Given a quadratic equation: x2 − 4.0000000 x + 3.9999999 = 0, the exact roots to 10 significant digits are, r1 = 2.000316228 and r2 = 1.999683772.
Using float and double, we can write a test program:
#include <stdio.h>
#include <math.h>
void dbl_solve(double a, double b, double c)
{
double d = b*b - 4.0*a*c;
double sd = sqrt(d);
double r1 = (-b + sd) / (2.0*a);
double r2 = (-b - sd) / (2.0*a);
printf("%.5f\t%.5f\n", r1, r2);
}
void flt_solve(float a, float b, float c)
{
float d = b*b - 4.0f*a*c;
float sd = sqrtf(d);
float r1 = (-b + sd) / (2.0f*a);
float r2 = (-b - sd) / (2.0f*a);
printf("%.5f\t%.5f\n", r1, r2);
}
int main(void)
{
float fa = 1.0f;
float fb = -4.0000000f;
float fc = 3.9999999f;
double da = 1.0;
double db = -4.0000000;
double dc = 3.9999999;
flt_solve(fa, fb, fc);
dbl_solve(da, db, dc);
return 0;
}
Running the program gives me:
2.00000 2.00000
2.00032 1.99968
Note that the numbers aren't large, but still you get cancellation effects using float.

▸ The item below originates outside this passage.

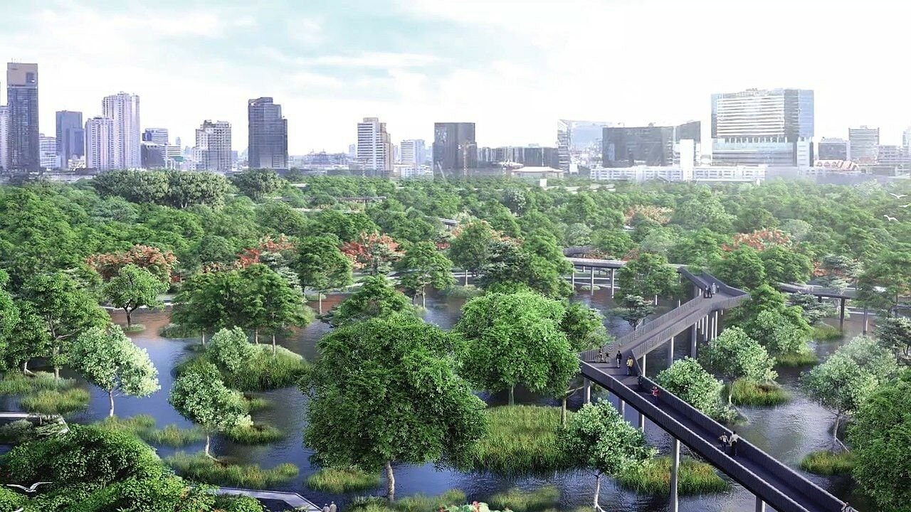 Bangkok’s future is green. The “Benjakitti Park” in the city’s Asoke area is expanding and becoming a “forest park.” The new addition features a 1.5 kilometre elevated walkway surrounded by tropical trees and a bicycle track that connects to Lumpini Park. Along with a variety of plants, the park will also have canals and ponds. The project

(In fact, the above is not the best way of solving quadratic equations using either single- or double-precision floating-point numbers, but the answer remains unchanged even if one uses a more stable method.)
A double is 64 and single precision
(float) is 32 bits.
The double has a bigger mantissa (the integer bits of the real number).

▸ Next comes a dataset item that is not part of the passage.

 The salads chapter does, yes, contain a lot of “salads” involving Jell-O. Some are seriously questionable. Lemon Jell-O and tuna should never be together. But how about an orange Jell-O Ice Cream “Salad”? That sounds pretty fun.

Any inaccuracies will be smaller in the double.
I just ran into a error that took me forever to figure out and potentially can give you a good example of float precision.
#include <iostream>
#include <iomanip>
int main(){
for(float t=0;t<1;t+=0.01){
std::cout << std::fixed << std::setprecision(6) << t << std::endl;
}
}
The output is
0.000000
0.010000
0.020000
0.030000
0.040000
0.050000
0.060000
0.070000
0.080000
0.090000
0.100000
0.110000
0.120000
0.130000
0.140000
0.150000
0.160000
0.170000
0.180000
0.190000
0.200000
0.210000
0.220000
0.230000
0.240000
0.250000
0.260000
0.270000
0.280000
0.290000
0.300000
0.310000
0.320000
0.330000
0.340000
0.350000
0.360000
0.370000
0.380000
0.390000
0.400000
0.410000
0.420000
0.430000
0.440000
0.450000
0.460000
0.470000
0.480000
0.490000
0.500000
0.510000
0.520000
0.530000
0.540000
0.550000
0.560000
0.570000
0.580000
0.590000
0.600000
0.610000
0.620000
0.630000
0.640000
0.650000
0.660000
0.670000
0.680000
0.690000
0.700000
0.710000
0.720000
0.730000
0.740000
0.750000
0.760000
0.770000
0.780000
0.790000
0.800000
0.810000
0.820000
0.830000
0.839999
0.849999
0.859999
0.869999
0.879999
0.889999
0.899999
0.909999
0.919999
0.929999
0.939999
0.949999
0.959999
0.969999
0.979999
0.989999
0.999999
As you can see after 0.83, the precision runs down significantly.

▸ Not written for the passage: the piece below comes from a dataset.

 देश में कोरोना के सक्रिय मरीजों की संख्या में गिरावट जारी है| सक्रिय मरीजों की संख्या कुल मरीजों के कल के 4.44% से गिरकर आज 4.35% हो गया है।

However, if I set up t as double, such an issue won't happen.
It took me five hours to realize this minor error, which ruined my program.
There are three floating point types:
float
double
long double
A simple Venn diagram will explain about:
The set of values of the types
The size of the numbers involved in the float-point calculations is not the most relevant thing. It's the calculation that is being performed that is relevant.
In essence, if you're performing a calculation and the result is an irrational number or recurring decimal, then there will be rounding errors when that number is squashed into the finite size data structure you're using. Since double is twice the size of float then the rounding error will be a lot smaller.
The tests may specifically use numbers which would cause this kind of error and therefore tested that you'd used the appropriate type in your code.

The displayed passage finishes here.